Jessica Calarco: How wealthy university donors have changed our society for the worse

For a university with a $10 billion endowment, a $100 million donation — like the one an unnamed donor recently made to the University of Chicago’s Forum for Free Inquiry and Expression — might seem like a drop in the bucket. Yet, history suggests that such donations should give us pause, particularly when, like this $100 million donation, they’re earmarked to advance specific intellectual ideas “both on campus and beyond.”

Take, for example, the role that wealthy donors played in bringing us Milton Friedman, Ronald Reagan and the up-by-your-own-bootstraps, winner-take-all, profits-over-people economy that’s leaving so many Americans — and especially women and mothers — still struggling today.

In the 1930s, and as Naomi Oreskes and Erik M. Conway explain in their book “The Big Myth,” wealthy business owners didn’t want to pay the higher taxes required to fund President Franklin D. Roosevelt’s New Deal. So, members of the National Association of Manufacturers (NAM) set out to persuade Americans we could get by without that support and cut taxes instead.

What they found was a group of Austrian economists, such as subsequent Nobel Prize winner Friedrich von Hayek, who were developing a theory of neoliberalism, which is basically the idea that societies are better off without social safety nets because, in the absence of support and protection, people will make better choices to keep themselves safe.

Now, this theory has been thoroughly debunked with data. That’s not how people respond to risk. Yet, wealthy business owners were able to get Americans to believe the theory anyway. And this is where universities and big donors come in.

According to Oreskes and Conway, a group of NAM-associated businessmen coordinated with elite schools such as New York University and the University of Chicago to create positions for and fund the work of those Austrian economists, who also went on to mentor the next generation of scholars and policymakers in the U.S.

Those mentees included fellow Nobel-winning economist Milton Friedman, who is famous for arguing that a corporation’s only job is “to make as much money as possible” for its shareholders and that taxes and regulations should be cut “under any circumstances and for any excuse, for any reason, whenever it’s possible.”

Those same wealthy business owners financed Friedman’s research and the University of Chicago’s Free Market Project, with the goal of launching a massive pro-business, anti-government propaganda campaign.

That campaign included Reader’s Digest reprints of neoliberal treatises, along with Hollywood interpretations of Hayek and Friedman’s ideas.
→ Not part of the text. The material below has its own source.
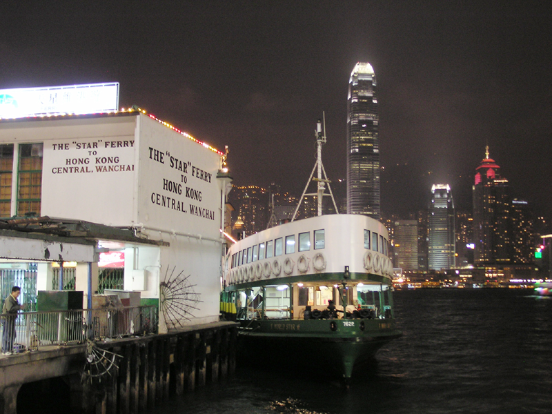 The photograph features the fascinating night view of the Victoria Harbour of Hong Kong in two layers, with Tsim Sha Tsui, Kowloon Peninsula in the foreground, the Central, Hong Kong Island (the opposite side of the harbour) in the background. In the foreground is a ferry of the Star Ferry, one of the oldest cross-habour transport services in Hong Kong, parking at the pier. In the background are the two office towers of the International Finance Centre (the taller "2ifc" on the left and the shorter "1ifc" on the right), which were constructed and opened in recent years. The foreground and the background create a strong contrast between the old and the new in Hong Kong. This photograph was taken by Alan Mak, the nominator, in December 2005. Category:Images of Hong Kong Category:Central, Hong Kong Category:Piers in Hong Kong

The NAM-funded “The American Family Robinson,” for example, quickly became one of the most popular radio programs across the U.S. And it paved the way for the TV and radio series “General Electric Theater,” hosted by Ronald Reagan, which not only launched his political career but also turned him from a union leader Democrat into an anti-union Republican.

Beyond the media, NAM members also set up libertarian think tanks, many of them staffed by elite university-trained neoliberal economists, which lent an air of scientific certainty to neoliberal theories.

Once those ideas were firmly lodged in American psyches, the next step, as sociologist Elizabeth Popp Berman explains in “Thinking Like an Economist,” was for University of Chicago-trained economists to move into positions with policymaking power. From those positions, they helped lay the groundwork for what political scientist Jacob Hacker calls “The Great Risk Shift— defunding key parts of the social safety net, defanging unions, slashing taxes on wealthy people and big corporations, and promising (quite falsely) that the wealth would trickle down.

Ultimately, then, and with the help of elite universities, wealthy donors have turned us into what I call a DIY Society, where people are supposed to take care of themselves rather than rely on government to guarantee dignity, economic opportunity or time to contribute to the project of care.

The problem, however, is that we can’t actually do-it-yourself society. Some people — like the children, the sick and the elderly — can’t fully take care of themselves. And some jobs don’t pay enough to make ends meet. And that’s where women and mothers come in.

As I find in my research, today’s billionaires and big corporations, along with their cronies in politics, media and academia, maintain the DIY illusion by forcing women to fill in the gaps in our economy and the gaps in our social safety net. Women in the U.S., for example, do almost twice as much unpaid care work as men do, and women — disproportionately women of color — do the bulk of the underpaid care work in fields such as child care and home health care, which are among the lowest-paid jobs in the U.S. economy as a whole.  

Ultimately, then, while donating money to universities might seem like one of the less-bad ways that wealthy people can spend their money, we ought to be wary of what they’re trying to buy with those donations, which goes far beyond securing their own kids’ admission to elite colleges and extends to shaping culture and policy in ways that maintain and justify their influence in society as a whole.  

Jessica Calarco is a professor of sociology at the University of Wisconsin at Madison and the author of “Holding It Together: How Women Became America’s Safety Net.”